> [Exercise brief] Transcribe exactly the lines from the one containing "Szklana taca z" through the end of the data, both included. Leave out pictures.

Records from a collection
----------

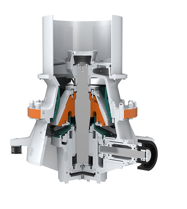 该设备核心优势突出,适配高要求破碎场景:一是腔形适配性强,仅需更换定锥,即可实现多种腔形的中细碎作业,灵活匹配不同生产需求;二是防护与润滑可靠,搭载程序控制的液压与润滑系统,有效实现过载保护,保障轴承良好润滑,延长设备使用寿命;三是结构简洁紧凑,通过底部单缸设计,一体化完成排料口直接调节、预防过铁、清腔三大核心功能,无需外置排料口调节机构及外部液压缸、弹簧防过铁装置,简化结构的同时便于运维。
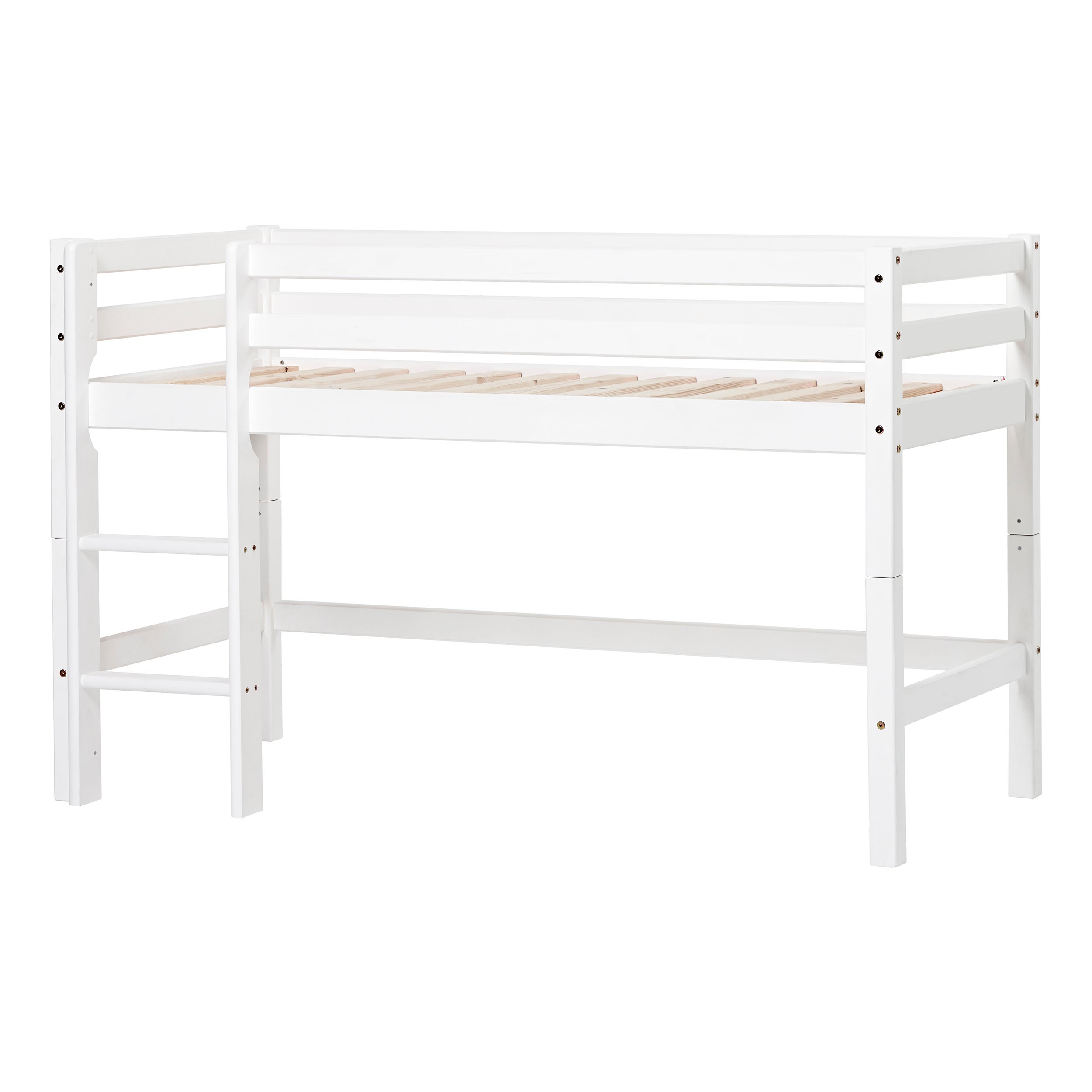 Giv dit barn en seng, der kombinerer stil, sikkerhed og bæredygtighed. Klik her for at sætte den hvide halvhøje seng i indkøbskurven og forvandle børneværelset i dag!
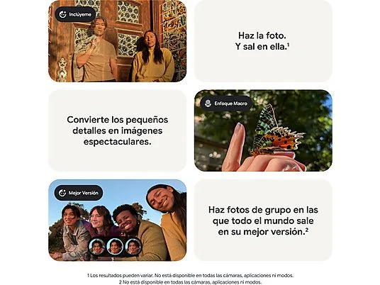 Mejoras en la cámara con IA, Asistente virtual, Procesamiento inteligente del sonido, Reconocimiento de voz |
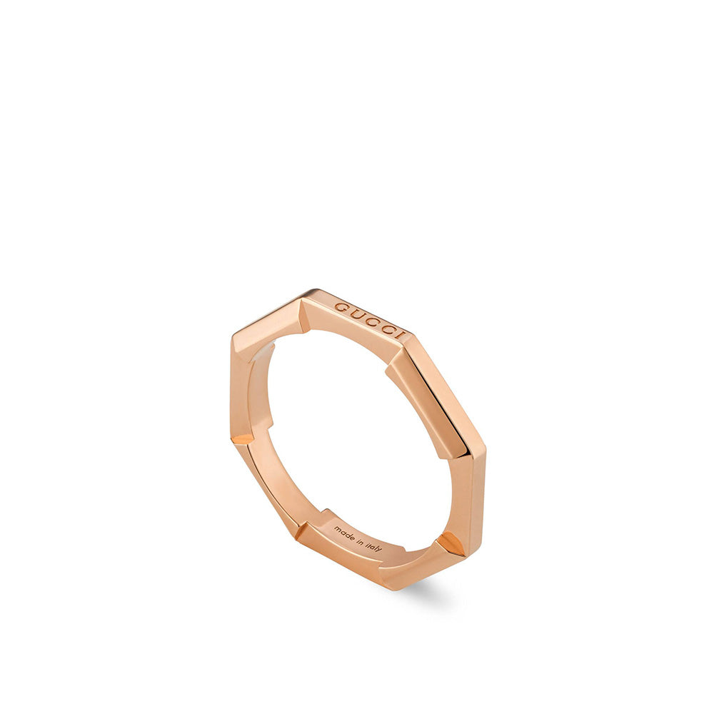 The Link to Love collection from Gucci explores modern romance and characterizes new symbols of love. This 18k rose gold mirrored ring features "Gucci" engraved on the ring. Wear this with other stackable or layered jewelry for a unique and individualized look!
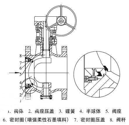 進(jìn)口偏心半球閥密封副的特點(diǎn)是閥門(mén)關(guān)閉時(shí),閥座壓蓋壓緊碟簧,由碟簧推動(dòng)密封壓蓋和閥座向半球體壓緊,并使碟簧在設(shè)計(jì)變形范圍內(nèi),使密封副之間的作用力達(dá)到密封必須比壓,真空技術(shù)網(wǎng)認(rèn)為這樣可以保證閥門(mén)在低壓時(shí)不發(fā)生內(nèi)漏現(xiàn)象。在閥門(mén)啟閉過(guò)程中,閥座、密封壓蓋和密封圈作為一個(gè)構(gòu)件隨著半球體開(kāi)啟角度的變化在管道軸線方向適量懸浮移動(dòng),在介質(zhì)壓力作用下向半球體壓緊,其向閥瓣壓緊的作用力隨著介質(zhì)壓力的升高而增大,從而達(dá)到自密封效果。
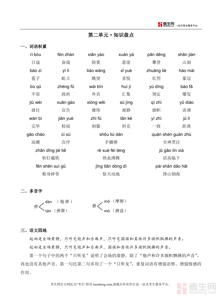 该资料适用于使用部编版教材的六年级学生及语文教师群体。对学生而言,可通过知识盘点夯实基础,通过测试了解自身学习短板;对教师而言,可利用测试内容进行课堂检测或作业布置,助力教学目标达成与教学策略优化,是单元学习阶段实用的辅助资料。
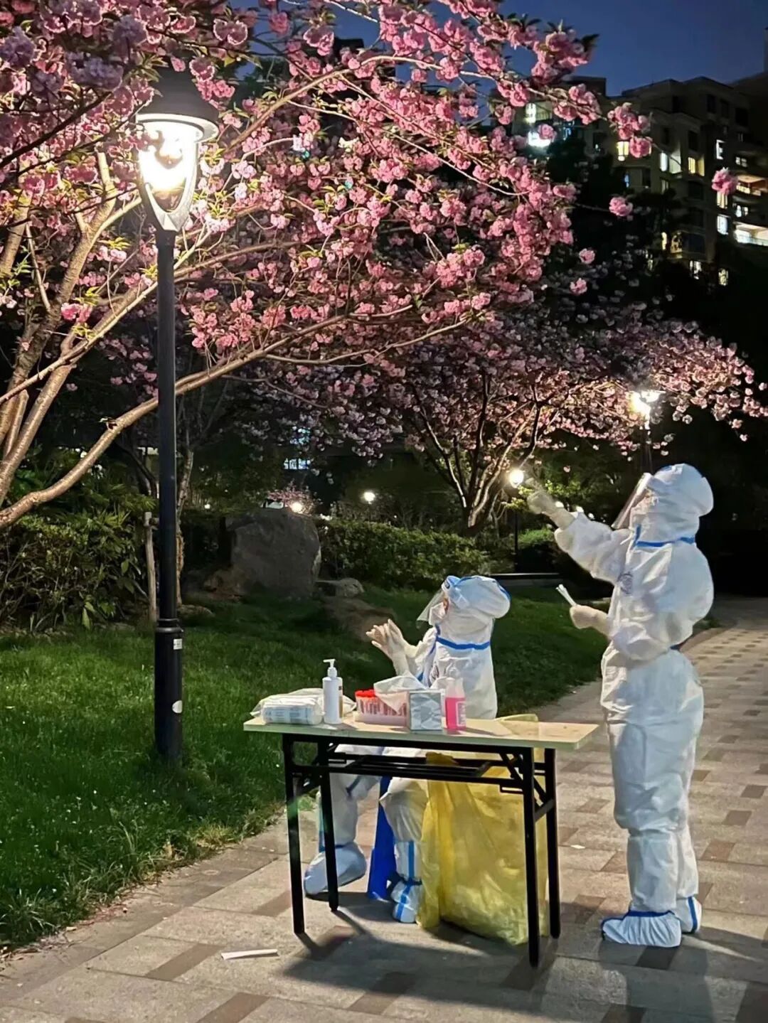 浦东新区上海绿城,深夜,樱花开了,停下来一会会
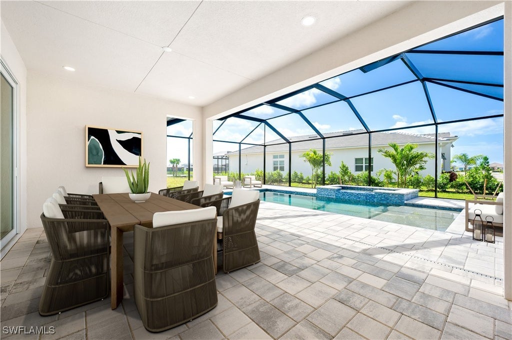 Welcome to the epitome of Florida living in this beautifully appointed Montura Transitional home, perfectly situated on a desirable corner homesite with coveted southern rear exposure—ideal for soaking up the sun all day long. Enjoy your own private outdoor oasis, featuring a sparkling pool and spa, complemented by an extended covered lanai already equipped with plumbing and gas lines for a future outdoor kitchen—perfect for effortless alfresco entertaining. Step inside and be greeted by a grand foyer with an elegant tray ceiling that sets the tone for the refined details found throughout. This thoughtfully designed home offers over 2,400 square feet of elevated living space, boasting spacious bedrooms, luxurious baths, and a versatile flex room ideal for a home office, gym, or hobby space. The open-concept great room flows seamlessly into a light-filled casual dining area and a chef-inspired kitchen, complete with a generous island, walk-in pantry, and abundant cabinetry—perfectly positioned at the heart of the home for everyday living and entertaining. High-end finishes elevate every corner, including striking cool-tone plank flooring and designer tray ceilings in key living spaces like the foyer, great room, and the serene primary suite. Additional features include over 100 square feet of garage storage, impact-resistant windows and doors for peace of mind, and a location in a natural gas community offering resort-style amenities—all just minutes from the world-class beaches, dining, and shopping of Marco Island and Downtown Naples. Please see MLS supplements for interior design selections and floor plan layout. Home Site 117. Ask your sales consultant about our exclusive rate buydown program and how it can help lower your monthly payments!
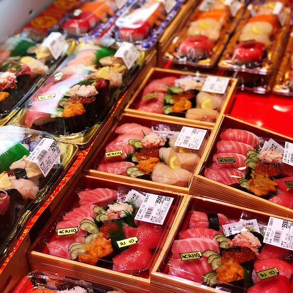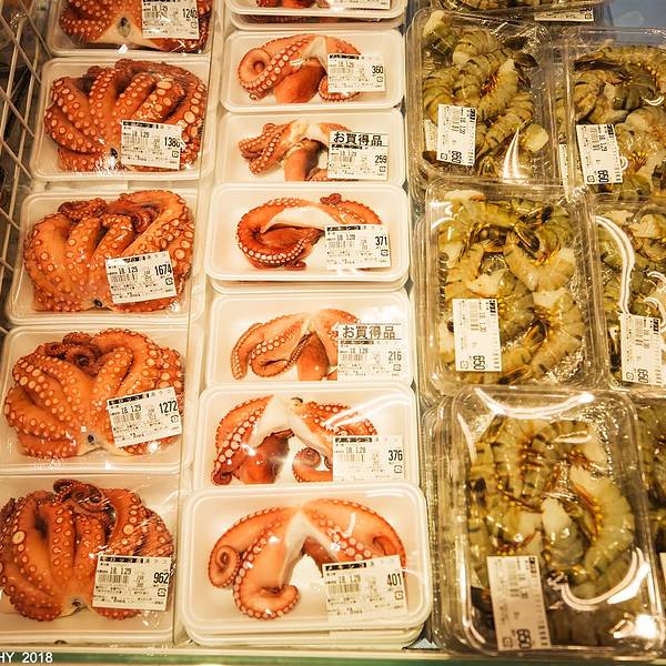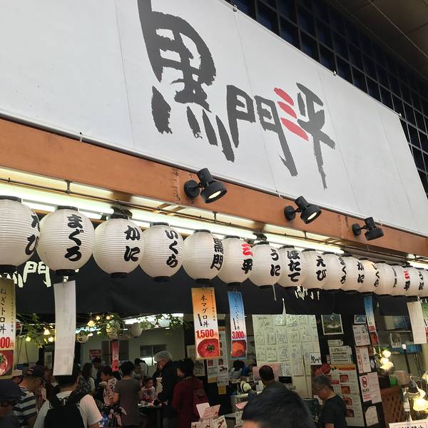 我们选了黑门三平的刺身吃吃看。刺身拼盘里有甜虾、鯖鱼、金枪鱼中腹、三文鱼、扇贝...前文提到的日本三大食堂,来到大阪,自然要来黑门市场。食材和锦市场没什么差别,但是门脸儿的风格就很大阪,色彩要鲜明很多。
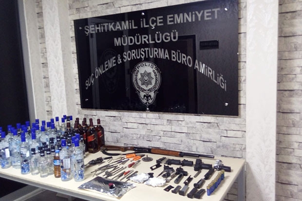 Ekipler yapılan operasyonla kaçak olduğu anlaşılan 23 adet rakı, 28 adet votka, 10 adet viski, 1 adet kurusıkıdan çevirme tabanca, 4 adet tabancaya ait silah mekanizması, silah namlusu ve silah sürgüsü, 6 adet şarjör, silah üretiminde kullanılan çok sayıda matkap ucu, pense, 1 adet av tüfeği ile 1 adet kumar makinesi ele geçirdi. Şüpheli şahıslar M.K. ile A.D. ise yakalanarak gözaltına alındı.
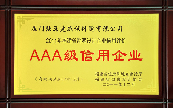 福建省勘察設(shè)計(jì)企業(yè)AAA信用等級(jí)
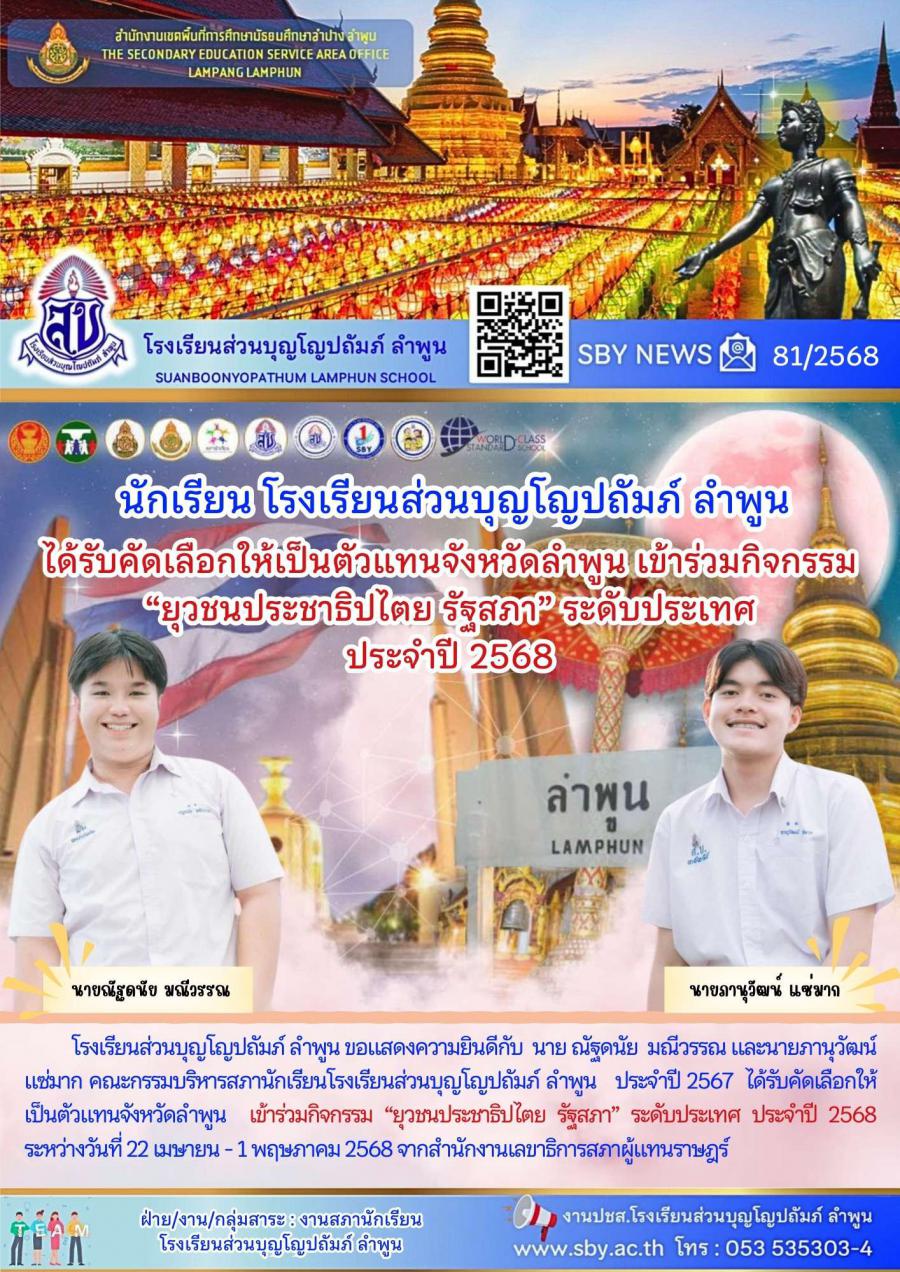 นักเรียนตัวแทนจังหวัดลำพูนร่วมกิจกรรมยุวชนประชาธิปไตยรัฐสภา ระดับประเทศ ปี2568
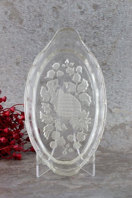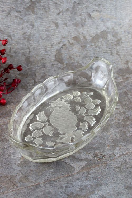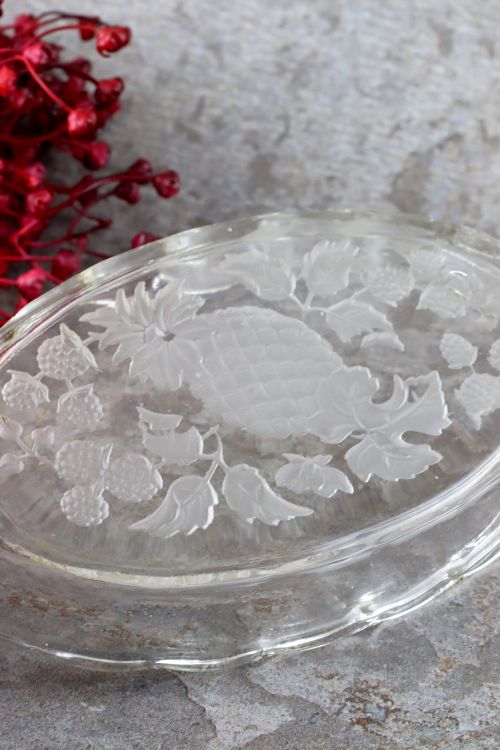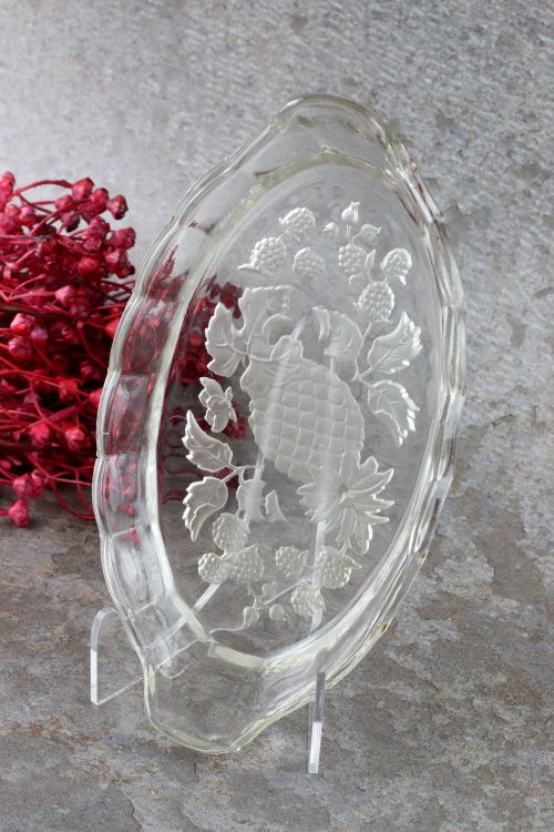 Szklana taca z motywem owoców. Szkło bezbarwne, częściowo matowione.
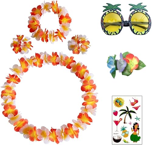7 Pièces Colliers de Fleurs Hawaïennes Hula Luau Collier Bracelet Bandeau Hawaïen Colliers Fleurs Hawaïen Hawaiian Fleurs Guirlande Thème Décorations de Fête pour Luau Hawaiian Plage Mariage Pique
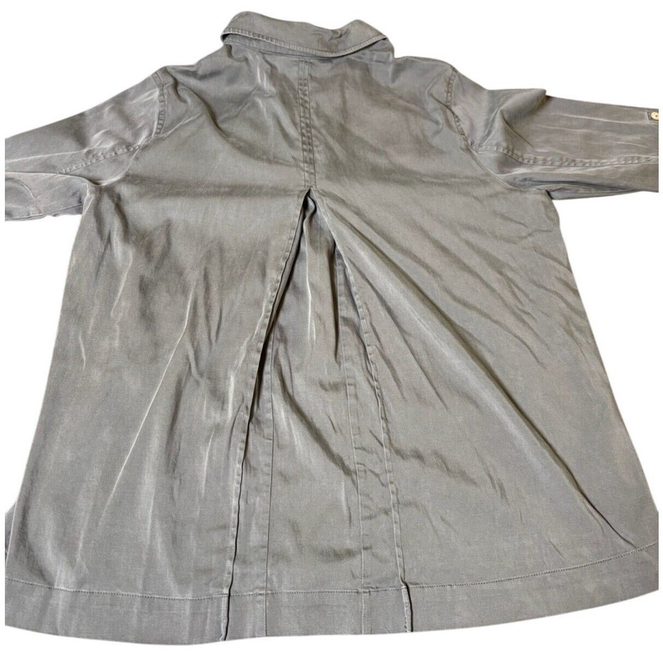 Soft Surroundings Women's Olive Shacket, Button-Front, Roll Tab Sleeves, Pockets

----------

> [Response area]
 Szklana taca z motywem owoców. Szkło bezbarwne, częściowo matowione.
7 Pièces Colliers de Fleurs Hawaïennes Hula Luau Collier Bracelet Bandeau Hawaïen Colliers Fleurs Hawaïen Hawaiian Fleurs Guirlande Thème Décorations de Fête pour Luau Hawaiian Plage Mariage Pique
 Soft Surroundings Women's Olive Shacket, Button-Front, Roll Tab Sleeves, Pockets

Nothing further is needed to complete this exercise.